Department of Dermatology, Feinberg School of Medicine, Northwestern University, 676 N. St. Clair Street, Suite 1765, Chicago, IL, 60611, USA.
Department of Plastic Surgery, Cleveland Clinic Lerner Research Institute, Cleveland, OH, USA.
Arch Dermatol Res. 2023 Oct;315(8):2295-2302. doi: 10.1007/s00403-023-02613-6. Epub 2023 Mar 28.
Patients with early-stage disease typically have a good prognosis, but still have a risk of recurrence, even with negative sentinel lymph node biopsy (SLNB). This study explores the utility of routine imaging to detect metastases in patients with negative SLNB but high-risk 31 gene expression profile (31-GEP) scores. We retrospectively identified melanoma patients with negative SLNBs. Patients with high-risk GEP results were placed in the experimental group and patients without GEP testing were placed in the control group. Among both cohorts, recurrent melanoma groups were identified. The tumor burden at the time of recurrence and the time to recurrence were compared between experimental group patients with routine imaging and control group patients without imaging schedules. We identified 327 control patients and 307 experimental patients, of which 14.1% versus 20.5% had melanoma recurrence, respectively. Of the patients with recurrent melanoma, those in the experimental group were older (65.75 versus 59.20), had higher Breslow depths (3.72 mm versus 3.31 mm), and had advanced tumor staging (89.5% versus 71.4% of patients presenting clinical stage ≥ II) compared to the control group at primary diagnosis. However, melanoma recurrence was detected earlier (25.50 months versus 35.35 months) in the experimental group at a lower overall tumor burden (73.10 mm versus 27.60 mm). A higher percentage of experimental patients started immunotherapy when offered (76.3% and 67.9%). Patients who received routine imaging after high-risk GEP test scores had an earlier recurrence diagnosis with lower tumor burden, leading to better clinical outcomes.

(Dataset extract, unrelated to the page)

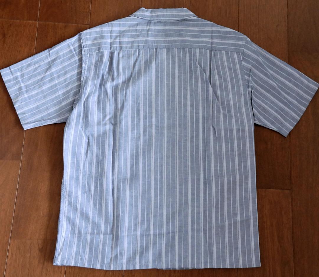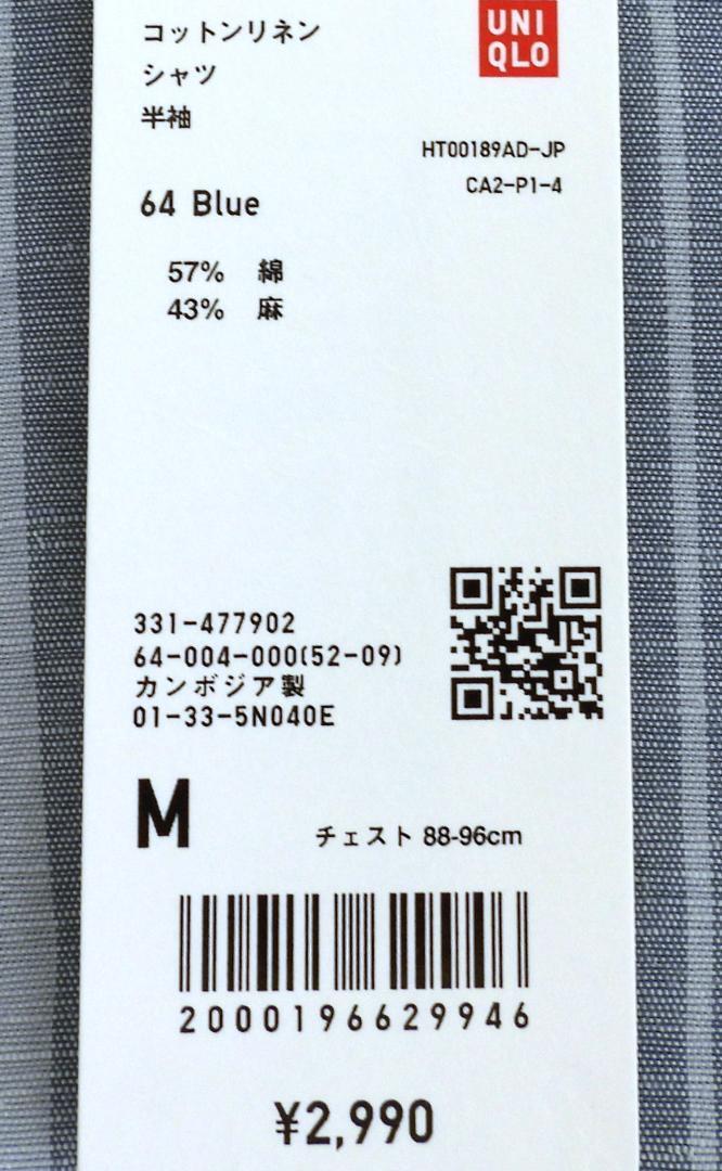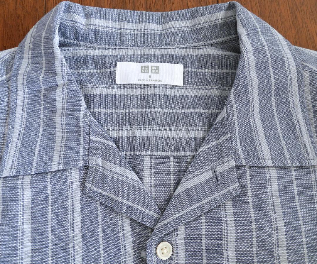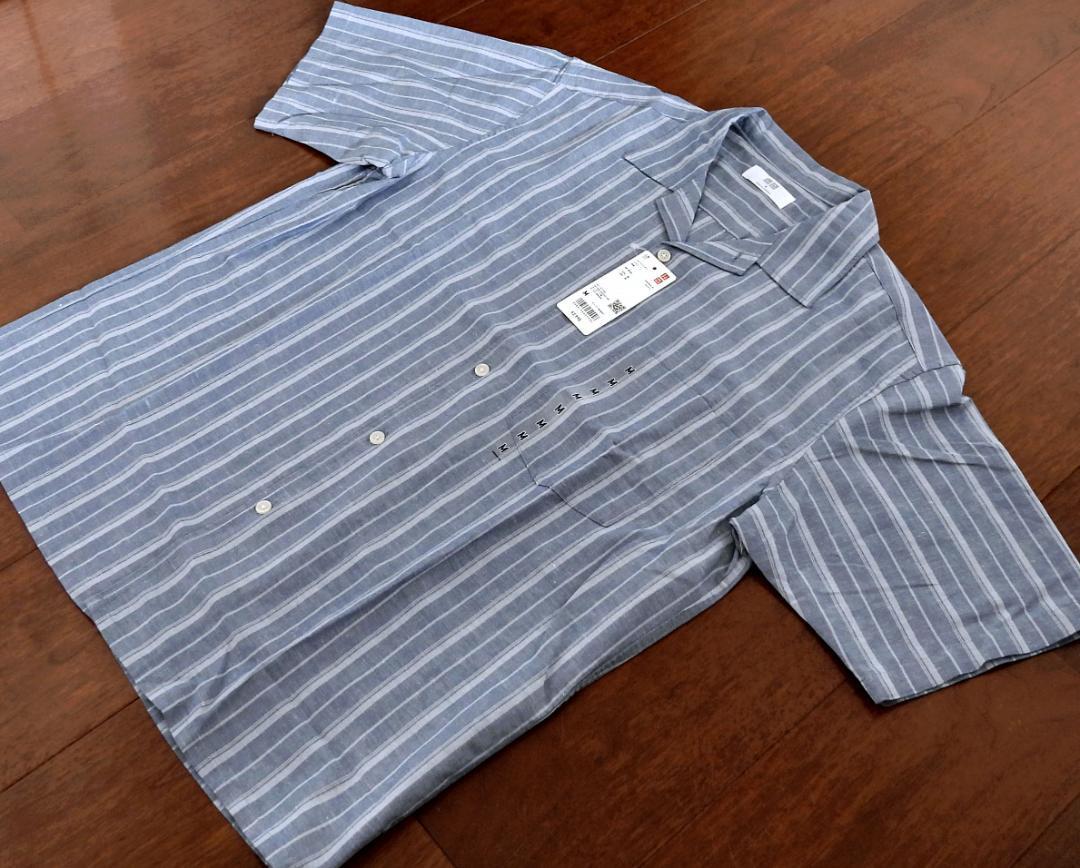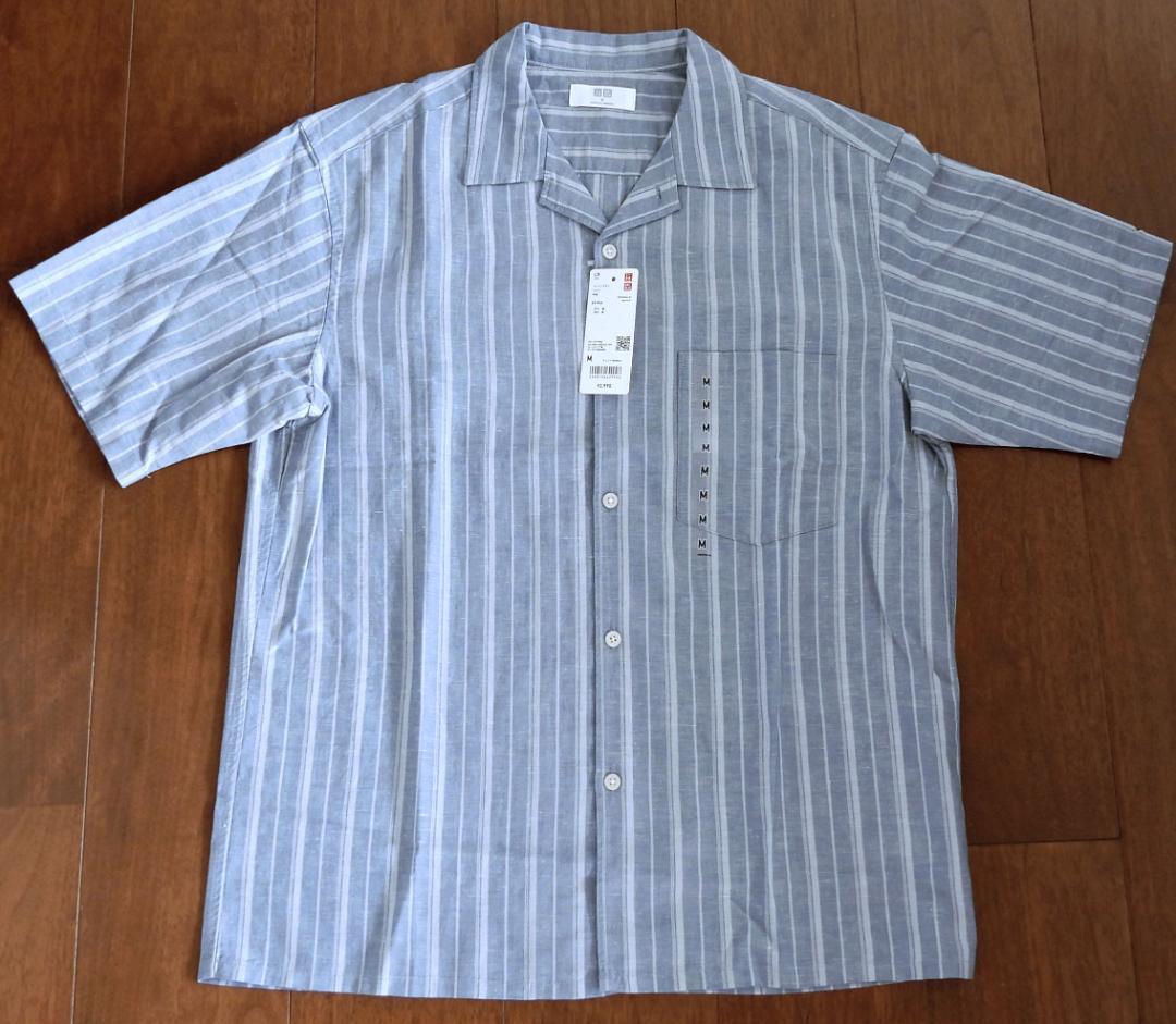 ユニクロ UNIQLO コットンリネンシャツ ストライプ 半袖 メンズ Mサイズ ブルー【新品未使用】

患有早期疾病的患者通常预后良好,但即使前哨淋巴结活检(SLNB)阴性,仍有复发的风险。本研究探讨了在 SLNB 阴性但 31 基因表达谱(31-GEP)评分高风险的患者中,常规影像学检查检测转移的效用。我们回顾性地确定了 SLNB 阴性的黑色素瘤患者。GEP 结果高风险的患者被置于实验组,没有进行 GEP 检测的患者被置于对照组。在这两个队列中,都确定了复发性黑色素瘤组。比较了实验组常规影像学检查患者和对照组无影像学检查计划患者的复发时肿瘤负担和复发时间。我们确定了 327 名对照组患者和 307 名实验组患者,其中分别有 14.1%和 20.5%的患者出现黑色素瘤复发。在复发性黑色素瘤患者中,实验组患者年龄更大(65.75 岁比 59.20 岁),Breslow 深度更高(3.72mm 比 3.31mm),且在初诊时肿瘤分期更晚(89.5%比 71.4%的患者为临床分期≥Ⅱ期)。然而,实验组患者的黑色素瘤复发更早(25.50 个月比 35.35 个月),总肿瘤负担更低(73.10mm 比 27.60mm)。在实验组中,更多的患者在提供免疫治疗时开始接受治疗(76.3%和 67.9%)。在高风险 GEP 测试评分后接受常规影像学检查的患者更早地诊断出复发,且肿瘤负担更低,从而获得更好的临床结局。